What if we had a simpler tax code? What if the amount you owe in taxes was computed by determining your overall income, and then taking a percentage of that income, where the percentage itself depended on income? Apart from a few flat-taxers who carry the idea too far and think this percentage should be a fixed number at all incomes, most people believe that income tax should be progressive, taxing higher income levels at a higher percentage. Thanks to the Statistics of Income posted by the IRS, we can look back at the taxes collected, imagine we have been operating under such a tax code, and then determine what that percentage curve would be.
This hypothetical tax code only reflects averages, and would have some people pay less and some more than they do today. Let’s stipulate up front that Adjusted Gross Income isn’t a perfect indicator of actual income, but it’s an indicator nonetheless. It’s a good bet that someone with $100,000 in AGI has more money than someone with $30,000 in AGI.
So what do the historical data tell us? The above graph shows the average income tax percentage paid by married couples at different income levels over a 20-year period ending in 2015, the most recent year for which data has been published at https://www.irs.gov/pub/irs-soi/. Dollar amounts in the graph have been adjusted by the CPI to compensate for inflation.
A major feature of the graph that stands out is the fact that it peaks somewhere around an income level of about a million dollars per year, and then begins to drop off again. Let’s call this “the Romney effect”, where the lower capital gains rate and other tricks allow those with the highest incomes to pay lower percentages of that income in taxes. So if there’s anything that needs fixing in our imaginary simplified tax code, it’s that right there. If we wanted to make the tax code more fair, we could start by leveling off that curve instead of allowing it to go downhill as income climbs.
The next interesting thing to observe about these curves is how they have changed over time. The colour groupings in the graph show periods with similar tax patterns. And we can correlate those historical groupings with actual tax policy changes, as follows:
In dark blue, we have the Clinton era of the late 1990’s. These were the overall highest effective tax collection rates in the time period we’re considering. The available data from the earliest years doesn’t extend as high along the income spectrum, except for the last year of that period, which reveals the same downward curve shown later years. It is probably safe to assume that in the other Clinton years we would see that same trend if we had the data separated as it is in the more recent spreadsheets from the IRS.
The orange curves are a transitional period between the Clinton years and the Bush years. They resemble the Clinton rates, but begin to drop downward at some income levels.
The red curves show the “Bush tax cuts” in full effect, starting in 2003. The effective tax rate percentages are lower at all income levels. That of course translates into vastly more dollars, the higher the income level goes.
The light blue curves show an interesting phenomenon — a two-year drop in tax rates that is most pronounced for incomes under $100,000. This this the tangible effect of the “Obama tax cuts”, the stimulus that reduced taxes for middle-class earners in 2009 and 2010. After 2010, the trend returns to where it was before the stimulus.
And then we come to the yellow curves, the three most recent years that we currently have data for.
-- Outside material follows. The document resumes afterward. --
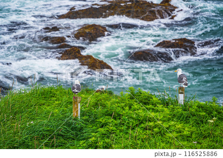 【北海道・浜中町】 霧多布岬(湯沸岬) 岩場の草地に停まった、オオセグロカモメ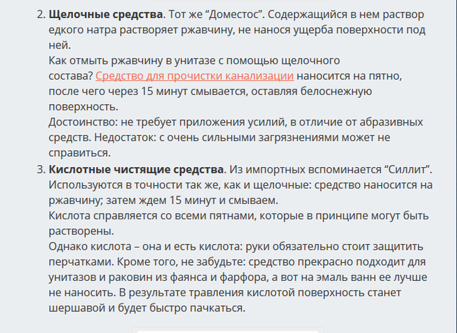 Но вся штука в том, что через небольшой промежуток времени всё повторится снова, у вас видимо старые трубы, по которым поступает вода и они дают вам большую порцию ржавчины. Кроме того ржавчина будет так же откладываться и под ободком унитаза, откуда удалить её крайне трудно. Решить этот вопрос можно с помощью дополнительного фильтра, встроенного в систему подачи воды в бачок, поставьте 1 микронный картридж, это должно решить проблему радикально. Т.к. фильтр будет стоять только на унитаз, его вам хватит очень-очень на долго.

These reflect the “fiscal cliff” legislation of 2012, which increased the top tax rates. These curves look like the Bush tax code for lower incomes, and like the Clinton tax code for higher incomes. And that seems about right — this is the most steeply progressive tax code we have had in the period from 1996 to 2015. It gives the middle class a break, and collects more of the government’s revenue from those who can spare more. It’s still defective — it still curves downward on the right edge, but that bug could be fixed.
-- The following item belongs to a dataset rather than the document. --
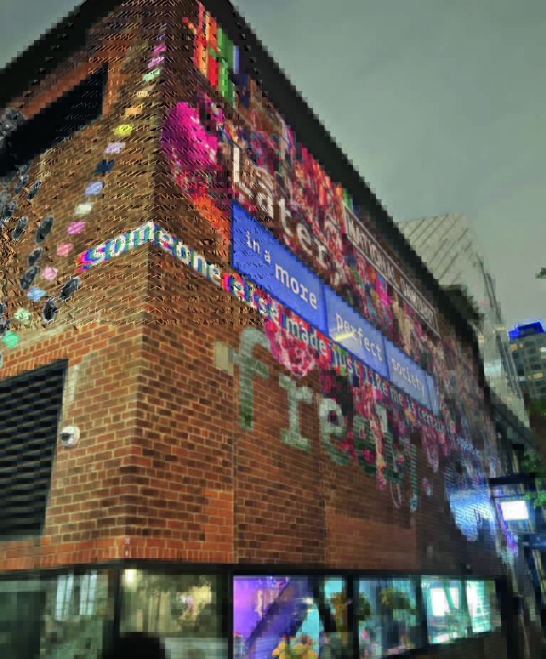 Τμήμα της εγκατάστασης που δημιούργησαν οι εικαστικοί καλλιτέχνες Νικ Κέιβ και Μπομπ Φάουστ για τον τοίχο του National Sawdust στο Μπρούκλιν. Φωτ.

And that’s where we stand today. This is the tax policy we’re leaving behind, the one the Republican congress decided needed fixing. They didn’t simplify it by eliminating loopholes and complexity and applying the above curves across the board for all income. They changed the rules to help out higher incomes the most, borrowing money from our future revenues. And just as every previous major change in tax policy is vividly revealed in the SOI data, we can assume the new tax code will show up too, starting in 2018. Then we’ll really know, with real empirical data, who’s paying what under this new tax code.
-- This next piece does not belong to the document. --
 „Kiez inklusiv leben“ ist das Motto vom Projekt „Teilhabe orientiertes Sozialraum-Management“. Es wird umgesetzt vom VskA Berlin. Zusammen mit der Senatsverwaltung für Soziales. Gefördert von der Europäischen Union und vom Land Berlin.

If we wanted a simpler tax code that wasn’t redistributive, providing different gains or losses at different income levels, we would expect that the curve wouldn’t move between the old and new policy — it should collect the same amount of tax from each income band, just doing it with a simpler formula. It’s easy enough to compute the above curves. If we wanted a simple tax code, we could start right there, treating all income the same and taxing it at the same rates as our imaginary empirical tax code of 2015.